簡單的線程同步問題

Question

在下面的代碼中，如果我同步bar方法，它在輸出方面沒有什麼不同 - 我做錯了什麼？我相信同步「欄」會使「ThreaOne」被打印10次，然後只打印「ThreadTwo」將開始，但事實並非如此。我得到的輸出中如下：

---

 
I am Test thread:Thread OneOneOneOne 
I am Test thread:Thread OneOneOneOne 
I am Test thread:Thread OneOneOneOne 
I am Test thread:Thread OneOneOneOne 
I am in main now 
I am Test thread:Thread OneOneOneOne 
I am Test thread:Thread Two 
I am Test thread:Thread Two 
I am Test thread:Thread OneOneOneOne 
I am Test thread:Thread Two 
I am Test thread:Thread OneOneOneOne 
I am Test thread:Thread Two 
I am Test thread:Thread OneOneOneOne 
I am Test thread:Thread Two 
I am Test thread:Thread OneOneOneOne 
I am Test thread:Thread Two 
I am Test thread:Thread OneOneOneOne 
I am Test thread:Thread Two 
I am Test thread:Thread Two 
I am Test thread:Thread Two 
I am Test thread:Thread Two 
I am in main now 

等。
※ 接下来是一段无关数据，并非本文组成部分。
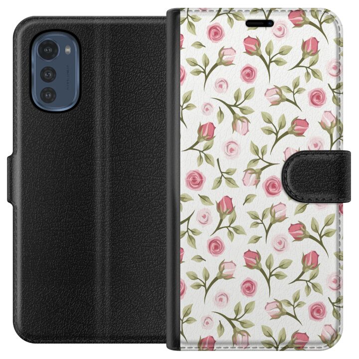Plånboksfodral för Moto E32s med Blommigt -design. Fodralet kombinerar stil och funktion – ett slitstarkt mobilskal som skyddar mot repor och stötar samt praktiska kortfack på insidan.

這裏是我的代碼：

package com.rahul; 

class ThreadTest implements Runnable{ 
    @Override 
    public void run() { 
     bar(); 
    } 
    public synchronized void bar() { 
     for(int i=0;i<10;i++){ 
      System.out.println("I am Test thread:"+Thread.currentThread().getName()); 
      try { 
       Thread.sleep(1000); 
      } catch (InterruptedException e) { 
       // TODO Auto-generated catch block 
       e.printStackTrace(); 
      } 
     } 

    } 
} 

public class Test{ 
    public static void main(String[] args) { 
     Thread t1 = new Thread(new ThreadTest(),"Thread OneOneOneOne"); 
     Thread t2 = new Thread(new ThreadTest(),"Thread Two"); 
     t1.start(); 
     try{ 
      Thread.sleep(4000); 
     } catch (InterruptedException e) { 
      // TODO Auto-generated catch block 
      e.printStackTrace(); 
     } 

     t2.start(); 
     while(true){ 
      System.out.println("I am in main now"); 
      try { 
       t2.join(); 
       Thread.sleep(4000); 
      } catch (InterruptedException e) { 
       // TODO Auto-generated catch block 
       e.printStackTrace(); 
      } 
     } 
    } 
} 

Answer 1

你有兩個實例ThreadTest。他們沒有任何關係，你不調用同一個bar()

如果你這樣做，而不是：

ThreadTest tt = new ThreadTest(); 
Thread t1 = new Thread(tt,"Thread OneOneOneOne"); 
Thread t2 = new Thread(tt,"Thread Two"); 

然後兩個線程共享的ThreadTest一個實例，並只有一個線程將能夠在一個時間打電話bar()單個實例。

Answer 2

聲明該方法爲​​不會產生您所期望的效果。每個線程在它自己的實例ThreadTest上同步，因此這些調用不會相互影響。您需要在共享對象上同步一個線程才能阻止另一個線程。例如：

class ThreadTest implements Runnable{ 
    private static Object LOCK_OBJECT = new Object(); 
    @Override 
    public void run() { 
     bar(); 
    } 
    public void bar() { 
     synchronized (LOCK_OBJECT) { 
      for(int i=0;i<10;i++){ 
       System.out.println("I am Test thread:"+Thread.currentThread().getName()); 
       try { 
        Thread.sleep(1000); 
       } catch (InterruptedException e) { 
        // TODO Auto-generated catch block 
        e.printStackTrace(); 
       } 
      } 
     } 
    } 
} 

Answer 3

你同步是由只有一個線程訪問，因爲它們是實例方法，所以每個線程是調用它的自己杆法的方法。

也許你想聲明欄方法爲static。